B7Sym15 PCR 6/4/19
E1 E2 E3 E4 E5 E6 / E7 E8 E9 E10 E11 E12
Procedure
Samples E1 E2 E3 E4 E5 E6 E7 E8 E9 E10 E11 E12 were used in this PCR (polimerase chain reaction) reaction
First A Master Mix of water, 2x mytaq mix, B7Sym15 Primer Reverse (concentration: 10 micromolar), B7Sym15 Primer Forward (concentration: 10 micromolar)
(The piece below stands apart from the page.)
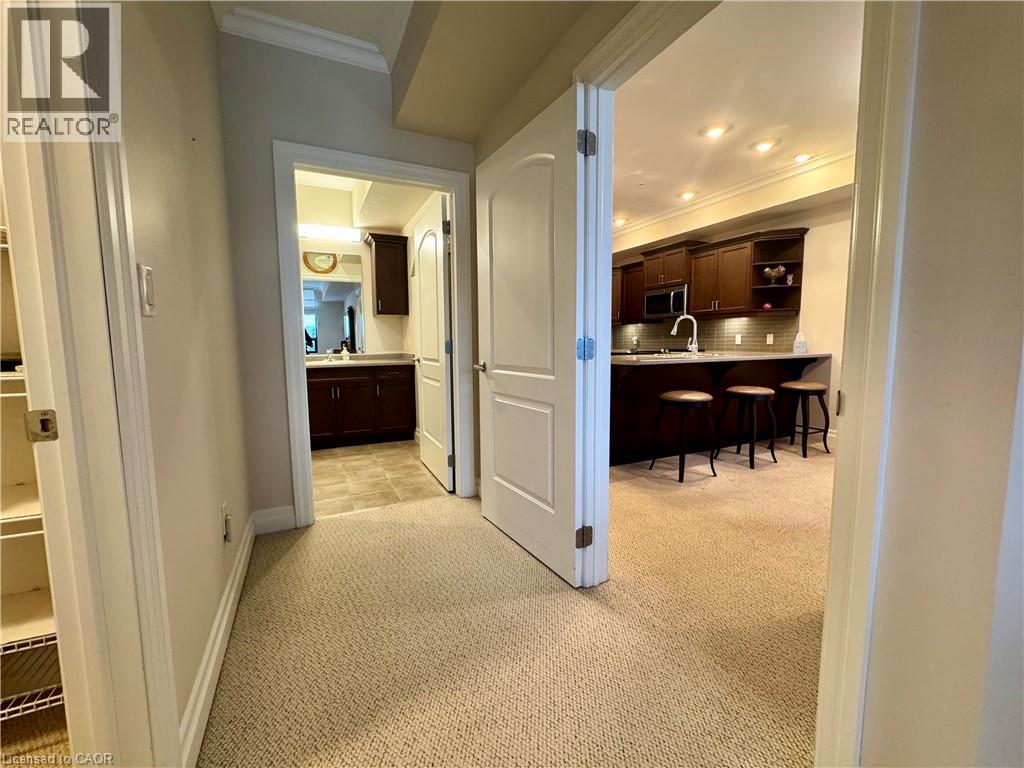 Welcome to “The Gardens by Maranatha”, a fully wheelchair-accessible 55+ life lease community located in the heart of mature South Burlington. This thoughtfully designed 1 bedroom plus den residence spans approximately 985 sq. ft. and is situated on the 3rd floor, creating an ideal setting for comfortable, low-maintenance retirement living. The bright, open-concept layout features a spacious kitchen with stainless steel appliances, ample cabinetry, and lower cabinets equipped with convenient pull-out drawers for enhanced accessibility. The kitchen flows seamlessly into the dining and living areas. The living room connects to a private balcony. The primary bedroom includes a walk-in closet and a wheelchair-accessible bathroom complete with a roll-in shower and grab bars. A versatile den provides flexible space for a home office, or hobby room. Additional conveniences include an automatic unit door opener, wide doorways, and in-suite laundry with custom cabinetry, designed with accessibility in mind. Residents enjoy more than 10,000 sq. ft. of outstanding amenities, including a fitness room, woodworking workshop, library, games lounge, coffee shop, main floor lounge, party and meeting rooms, outdoor terraces, and a beautifully appointed 4th-floor rooftop terrace with BBQs and raised garden beds. Secure underground parking, storage lockers, and guest suites add further comfort and convenience. Ideally positioned steps from shopping, public transit, churches, parks, lakefront trails, the hospital, Senior’s Centre, and downtown Burlington, this welcoming community blends connection with convenience.Monthly fees include heat, water, building insurance, maintenance, landscaping, snow removal, property taxes, phone, internet, and common elements, ensuring a truly carefree lifestyle. A warm, vibrant community designed for independent living — The Gardens by Maranatha is a place you’ll be proud to call home. (id:4555)

| Component | Volume for 12 reactions(+5% error) |
|---|---|
| Water | 113.4 micoleters |
| 2x mytaq mix | 157.5 micoleters |
| B7Sym15 Primer Reverse (concentration: 10 micromolar) | 12.6 micoleters |
| B7Sym15 Primer Forward (concentration: 10 micromolar) | 12.6 micoleters |
24 micoleters of this master mix was added to 12 tubes For the 4 controls 12.5 micoleters water and 12.5 micoleters mytaq mix were added
1 microleter of the DNA samples was added to the coresponding tube
The samples were then placed in the thermocycler set to
The denaturing, Annealing, and Extension times were changed from 15 seconds to 30/60/15 and the cycles were increased to 35
| Step | Temperature | Duration | cycles |
|---|---|---|---|
| 1 | 94°C | 2:00 | 1 |
| 2 | 94°C | 0:30 | 35 |
| 3 | 59°C | 0:60 | 35 |
| 4 | 72°C | 0:15 | 35 |
| 5 | 72°C | 5:00 | 1 |
| 6 | 10°C | hold | - |
these amplified DNA samples were then tested by making a gel
to create the Gel the following steps were taken
1.5g agarose and 75ml 1X TAE buffer were mixed to make a 2% agarose 75ml gel mix the mix was microwaved and swirled until there were no flakes then 1 microliters Gelgreen was added
the mix was left to cool for 5 minutes then poured into the gel mold the gel was left to harden for 30 minutes
once hardened enough Used TAE buffer was poured into the gel box to cover the mold
5 microliter aliquots of DNA samples E1 E2 E3 E4 E5 E6 E7 E8 E9 E10 E11 E12 and the four controls were made 1 microliter of 5x loading dye was added to each
First the HyperLadder 100bp was added to the first well of the mold then the DNA samples were each added to the wells in the following order
| Ladder | E1 | E2 | E3 | Control | E4 | E5 | E6 | Control |
| Ladder | E7 | E8 | E9 | Control | E10 | E11 | E12 | Control |
The voltage was set to 100V and run for 60 minutes
This is the resulting Gel
Notes
a band showed up for all samples, some were just extremely faint while not perfect yet this solution fixed the issue with the B7sym15 PCRs possibly adding more cycles could bring out the very faint samples
The length of the bands do not match up with the expected B7sym15 length due to them having an attached tail to aid in sequencing them.